Note. The virtual_botanical_laboratory is quite SPACE inefficient. This is fine for the prototype it is now, but this issue needs to be addressed when continuing the project.

If you plan on extending or adapting the virtual_botanical_laboratory, see the API documentation.

Building

  • To build the virtual_botanical_laboratory, run

    npm install
    npm run build
  • To generate the API documentation, run

    npm run doc
  • To generate the manual you need pandocomatic and Bash, run

    ./generate_documentation.sh

Todo

The virtual_botanical_laboratory is still a work in progress. With the current version you can explore much of the material in the book The algorithmic beauty of plants (Prusinkiewicz and Lindenmayer 1990). Some more advanced features from later in that book needs to be implemented still.

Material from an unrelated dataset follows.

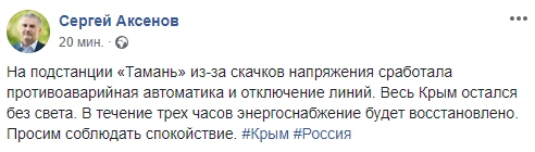Глава республики Сергей Аксенов пообещал, что энергоснабжение Крыма будет восстановлено в течение трех часов. Об этом он написал на своей странице в Facebook.

The following list of features and improvements are still to do:

  • L-system language:

    • Importing other l-systems
    • & operator
    • Other stuff from later in the book
    • Derive a successor in a separate (worker) thread
  • Interpretation:

    • Rendering 3D interpretations
  • An improved user interface. The current interface is just a placeholder. Enough to configure and experiment with l-systems, but in not user-friendly. Feel free to replace it with something better, pull requests are welcome!

    • make derivation and rendering cancellable.

References

Levy, Steven. 1992. Artificial Life. A Report from the Frontier Where Computers Meet Biology. New York: Vintage books.

———. 2010. Hackers. Sebastopol: O’Reilly.